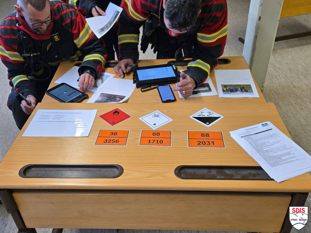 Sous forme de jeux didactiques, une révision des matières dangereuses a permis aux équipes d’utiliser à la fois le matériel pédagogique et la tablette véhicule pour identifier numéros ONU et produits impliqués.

--

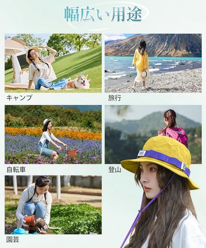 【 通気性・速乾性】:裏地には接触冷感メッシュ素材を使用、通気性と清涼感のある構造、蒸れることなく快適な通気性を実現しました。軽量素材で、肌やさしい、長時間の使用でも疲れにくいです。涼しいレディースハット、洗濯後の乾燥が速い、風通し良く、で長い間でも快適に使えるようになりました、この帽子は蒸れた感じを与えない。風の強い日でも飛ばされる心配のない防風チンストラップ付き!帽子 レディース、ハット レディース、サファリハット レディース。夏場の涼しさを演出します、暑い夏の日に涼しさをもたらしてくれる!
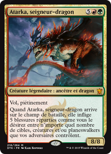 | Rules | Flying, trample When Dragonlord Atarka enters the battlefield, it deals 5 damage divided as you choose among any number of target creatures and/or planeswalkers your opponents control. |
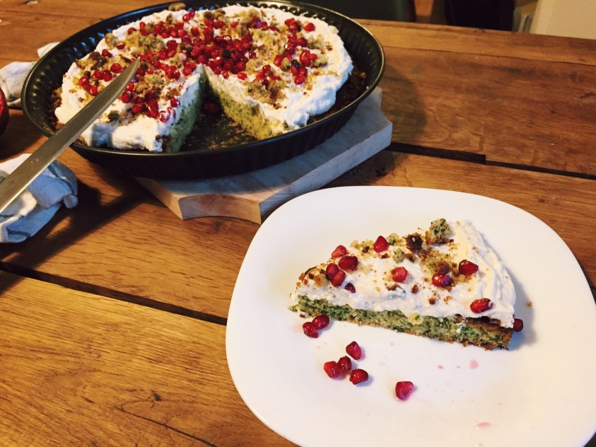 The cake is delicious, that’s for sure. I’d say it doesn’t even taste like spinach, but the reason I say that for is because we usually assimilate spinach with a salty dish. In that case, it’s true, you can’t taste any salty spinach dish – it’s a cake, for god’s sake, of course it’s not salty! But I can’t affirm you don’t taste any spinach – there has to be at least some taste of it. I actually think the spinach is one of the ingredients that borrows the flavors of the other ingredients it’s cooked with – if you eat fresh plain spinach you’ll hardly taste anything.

## ABOUT THIS EXERCISE
Your answer is the exact run of lines above from the one with "レディース、ハット レディース、サファリハット レディース。夏場の涼しさを演出します、暑い夏の日に涼しさをもたらしてくれる!" through the one with "opponents control. |", both ends included, minus any picture.

## PROBLEM SOLUTION
 【 通気性・速乾性】:裏地には接触冷感メッシュ素材を使用、通気性と清涼感のある構造、蒸れることなく快適な通気性を実現しました。軽量素材で、肌やさしい、長時間の使用でも疲れにくいです。涼しいレディースハット、洗濯後の乾燥が速い、風通し良く、で長い間でも快適に使えるようになりました、この帽子は蒸れた感じを与えない。風の強い日でも飛ばされる心配のない防風チンストラップ付き!帽子 レディース、ハット レディース、サファリハット レディース。夏場の涼しさを演出します、暑い夏の日に涼しさをもたらしてくれる!
 | Rules | Flying, trample When Dragonlord Atarka enters the battlefield, it deals 5 damage divided as you choose among any number of target creatures and/or planeswalkers your opponents control. |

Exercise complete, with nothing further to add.